3.5. CAR‐T Cell Bioreactor Automated Control Studies

Having now generated a historic data set for the calibrated automation and the manual control, we then proceeded to perform a blind run. Using only the values generated from the previous experiment, both manual and automated control were operated based on historic expectation and calibration (for the automated experiment). During the manual run, feeding was triggered at the capacitance value of 1.1 pF cm−1 which approximated 9 × 105 cells mL−1, whilst the automated run was set to trigger at the same cell concentration, using the calibration from the previous run. These data are shown in Panels A and B of Figure 8.

FIGURE 8.

FIGURE 8

Summary of automated CAR‐T cell runs. Panels (A and B) show the culture outputs for the blind automated and manual feeds, respectively. These runs were performed based on only using historic data values to trigger feeds and feed rates. Panel (C) shows a bubble‐plot for all of the presented CAR‐T cell data, with the highlighted region once more depicting how the linear trend skews with late‐stage culture. Finally, Panel (D) shows the comparison of cell numbers obtained throughout the set of CAR‐T cell runs. Marked on the graph is a cutoff for a dose of Kymriah.

Once more, we observed that no flooding or other error occurred during either feeding regime (important in a proof of concept as flooding the bioreactor would result in run failure). No adverse noise related events were observed during the automated run either, suggesting brief fluctuations in signal pose minimal risk, although this tolerance will need to be evaluated to a greater extent in future development studies. Notably, adjustments to signal filtering can already be performed if this presents as issue.

Additionally, we observed that cells grew with improved exponential rates prior to the inevitable decline phase. This resulted in an increased cell yield compared to the batch runs (ca. 1.5 × 106 cells mL−1) and was comparable to the previous results where maxima of around 1.8 × 106 cells mL−1 were observed, suggesting the methods are reproducible and improve culture outputs.

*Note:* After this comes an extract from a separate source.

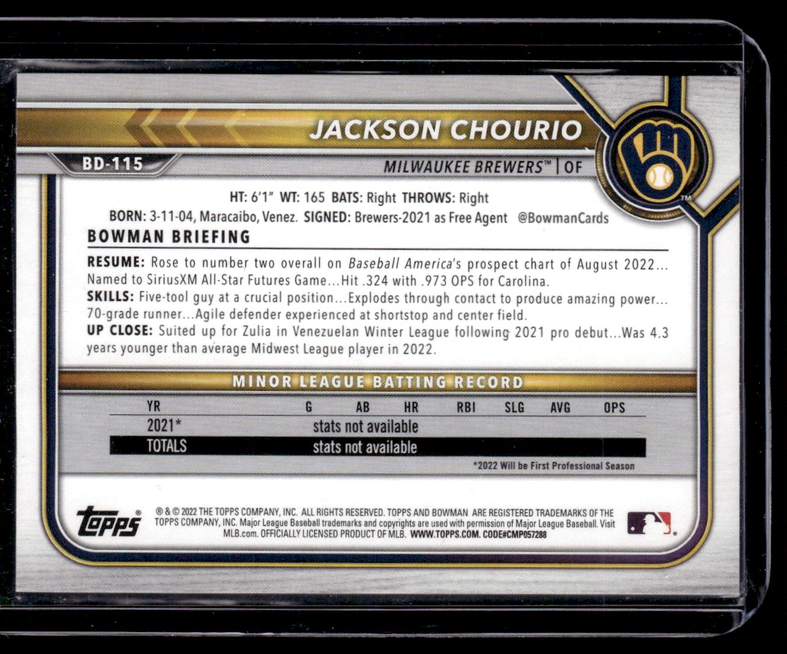 | JACKSON CHOURIO 2022 BOWMAN DRAFT RC MILWAUKEE BREWERS #BD-115 | ||||||||||||||||||

For completeness, we include Panel C which demonstrates the same tight, linear correlation between viable cell concentration and capacitance measurements that was observed in CHO and T cells. Once more the deviation of this trend is only noticeable during the latter stages of culture where we observe cell shrinkage and reductions in population viability, which reiterates the applicability of capacitance as a potential addition to harvest point analytics.

Finally, the figure shows how the collective CAR‐T cell runs perform in terms of absolute cell yields, demonstrating clearly how a limited batch process that failed to achieve a dose of product can be quickly improved to create an excess of material (Panel D). For example, we observed that compared to the batch (ca. 4 × 108 cells), the (blind) manual and automated processes achieved yields of 6–8 × 108 viable cells (or 150%–200% improvements). Whilst feeding will obviously improve cell yield, the result demonstrates that capacitance can successfully automate and optimize such strategies.

4. Discussion

Capacitance technology has been a stalwart tool in biopharmaceutical manufacturing for many years over a wide variety of applications [18, 20, 24, 42, 43, 44, 45, 46, 47, 48, 49, 50, 51]. Its adoption in cell and gene therapy manufacturing is, however, limited.

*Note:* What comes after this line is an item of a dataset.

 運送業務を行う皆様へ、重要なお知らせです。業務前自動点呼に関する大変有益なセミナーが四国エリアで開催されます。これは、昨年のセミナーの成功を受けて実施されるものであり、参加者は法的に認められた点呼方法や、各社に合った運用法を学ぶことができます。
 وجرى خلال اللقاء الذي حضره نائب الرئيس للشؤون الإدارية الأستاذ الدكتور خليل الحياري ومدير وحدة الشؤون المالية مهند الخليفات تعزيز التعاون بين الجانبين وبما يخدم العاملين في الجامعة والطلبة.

This is because CGT processes are currently limited in scale and often employ single‐use technologies which renders the format of expensive, reusable probes prohibitive. However, there is a current drive to translate these processes into bioreactors. To align with this, Aber Instruments has begun focusing on sensors that are suitable for the smaller‐scale bioreactor formats (100–500 mL, high‐throughput bioreactor types such as AMBRs, DASBOX, and Applikon MiniBio systems, for example) that could be used in autologous processes—the Pico probe used in this study is one such example. Our aim was to show how the technology employed in these beta probes is not only representative of the larger, reusable probes, but can be applied to improve culture processes for CAR‐T cell production as a case study for use in the wider CGT field.

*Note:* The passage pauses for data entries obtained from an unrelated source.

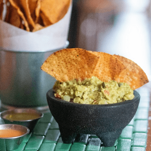 Catering-size guacamole is 32 oz. and served with fresh tortilla chips on the side.
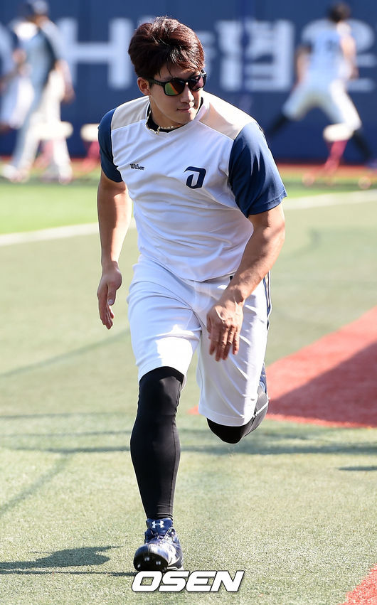21일 오후 경남 마산구장서 열리는 '2015 타이어뱅크 KBO 리그' NC 다이노스와 kt 위즈의 경기에 앞서 NC 나성범이 러닝훈련을 하고 있다.
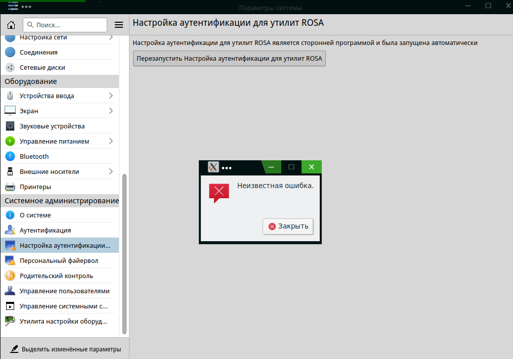 В настройках аутентификации для утилит ROSA появляется неизвестная ошибка. В чём может быть причина?

Our first experiments highlighted the previously established Futura probes in cultures which closely resemble current use. For this we performed a triplicate of CHO cell cultures in 1L BioBlu 1c single‐use reactors. The signal values were high, ranging from 1 to 30 pF cm−1 due to the higher density of CHO cultures compared to CGT processes. These signals have also been used to derive parameters to inform changes to culture health, however they are beyond the scope of this application. For deeper understanding of these metrics we refer you to more appropriate literature [52, 53].

When compared to the Jurkat cultures we observed that signals were far lower than those in CHO cultures with a range of 1–3 pF cm−1. This was expected due to the smaller size of T‐cells compared to CHO cells and a lower overall concentration achievable, of which both factors influence capacitance signal magnitude. Whilst this range was still operable for determining the concentration of viable biomass within the bioreactors, we note that derivation of the additional parameters for increased information of the culture is not advised at such low values. Thus whilst the probes hold the potential for biomass monitoring, cell density estimation and feed/harvest triggering, the additional benefits obtainable from parameter derivations are currently not possible. However, this opens potential lines of future investigation to optimize these low range measurements and signal amplification/sensitivity of the probes themselves.

During the transition from CHO to Jurkat processes we made an irregular shift in bioreactors as the single‐use BioBlu 1c vessels from Eppendorf were not obtainable due to pandemic‐related shortages. However, despite the larger vessel size (now a 2L glass vessel), we found that results remained proportional, and trends were conserved. This evidenced the ability of the probes to maintain continuity across varying scales and formats.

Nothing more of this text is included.